2020年初,一场突如其来的新冠疫情在世界范围内流行,至今已造成了1.5亿以上的人感染,310万以上的人死亡。在这次抗击新冠疫情的战斗中,我国人民在党中央的正确领导下,发挥自身的体制优势、文化优势,全民一心,团结奋战,率先控制了疫情,取得了抗疫斗争的决定性胜利,并为世界范围内的抗疫斗争做出了巨大贡献。在这次战胜疫病的斗争中,中医药发挥了重要的作用,可以说,中西医结合,中医药早期介入,全程参与,是我国取得抗疫胜利的重要法宝之一,而中医药抗疫成就的取得,《伤寒论》则又是功不可没。
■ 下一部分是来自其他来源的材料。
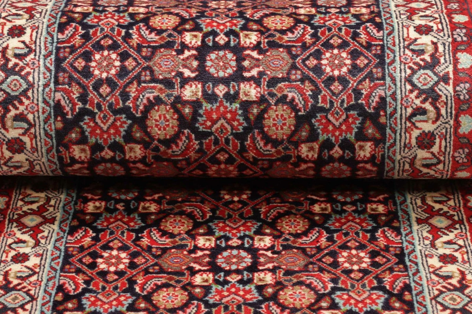 | Handgeknüpfter Sandjan Teppich | Knotendichte: ca. 400.000 Knoten/m² | Material: 100% Schurwolle (Flor), 100% Baumwolle (Kette) | Größe: 66 x 252 cm | Höhe: ca. 7-10 mm | Herkunft: Iran | Zustand: Ausgezeichnet | Aufwändige florale und geometrische Muster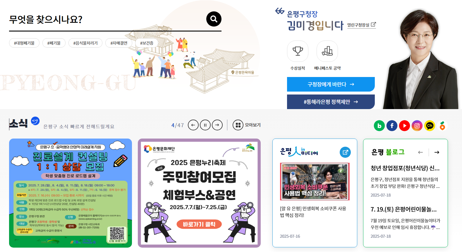 은평구청 홈페이지 주요 서비스

《伤寒论》对本次抗疫的贡献主要表现在三个方面:一是书中确立的诊治原则指导中医药治疗第一时间介入到抗疫的斗争之中,为抗疫提供了有效的中医药治疗方药。本次疫情,发病突然,西医学对其病原体知之甚少,直至今日,仍缺乏有效的治疗方药,因此,给抗疫带来了极大的困难。中医药理论则据《伤寒论》所确定的““辨症求因,审因论证,因证立法,依法选方”的诊疗原则,指导中医药工作者第一时间根据病人临床表现,确立了其“湿邪为主,可兼夹不同邪气为患”的病因学诊断,并根据中医药理论,确证了治疗方法与备选方药,使中医药第一时间参与到抗疫的斗争之中,为抗疫斗争的胜利提供了有效的中医药治疗手段。二是其“辨证论治”的原则指导了各地抗疫方案的制定并发挥出独特的疗效。由于各省市所处的地域有南北东西之不同,各地的气候条件也有寒热燥湿的差异,故各地的疫情也有其不同的特点,按照中医“三因制宜”的原则,其治疗的方法也应不尽相同。此次抗疫,各地的治疗方案虽大法相同,而具体的治疗方药却有着一定的区别,而这些差异之处,也正是中医药在各地抗疫中均取得佳效的关键之处。这些不同方案的制定,均是各地的中医药专家在《伤寒论》“三因制宜"原则指导下而形成的。三是其所载的经方在抗击新冠的斗争中取得了卓越的疗效。本次抗疫,《伤寒论》中所载的经方,为中医药治疗新冠肺炎提供了有效的备选方剂,全国乃至各省市自治区抗疫方案中所使用的方剂,大多数是基于经方化裁而成。以在本次抗疫中得到大家广为赞誉的清肺排毒汤、化湿败毒方、宣肺败毒方为例,此三方均是在《伤寒论》所载经方的基础上化裁而成。如“清肺排毒汤”即是由《伤寒杂病论》中的麻杏石甘汤、五苓散、小柴胡汤、射干麻黄汤等四首经方为主化裁而来。在2020年1月,国家中医药管理局即基于临床急用、实用和效用为导向,紧急启动了中医药防治新冠肺炎的防治项目,首先在山西、河北、陕西、黑龙江四个省进行了该方治疗新冠肺炎的临床紧急观察。第一批观察了不同年龄段的214例新冠病人,初步观察发现有效率在90%以上。后又在10个省市的66个定点单位开展临床观察。截至2020年4月,在收治的患者1262例中,已经有1253例治愈出院,占99.28%。这1262例病例中,未发生轻症转为重型、普通型转为危重型的情况,阻断了病情向危重方面发展。其后,清肺排毒汤纳入新型冠状病毒肺炎防控方案第六版、第七版中,并在全国28个省市广泛使用,收到了很好的疗效,成为了防治新冠肺炎的重要手段。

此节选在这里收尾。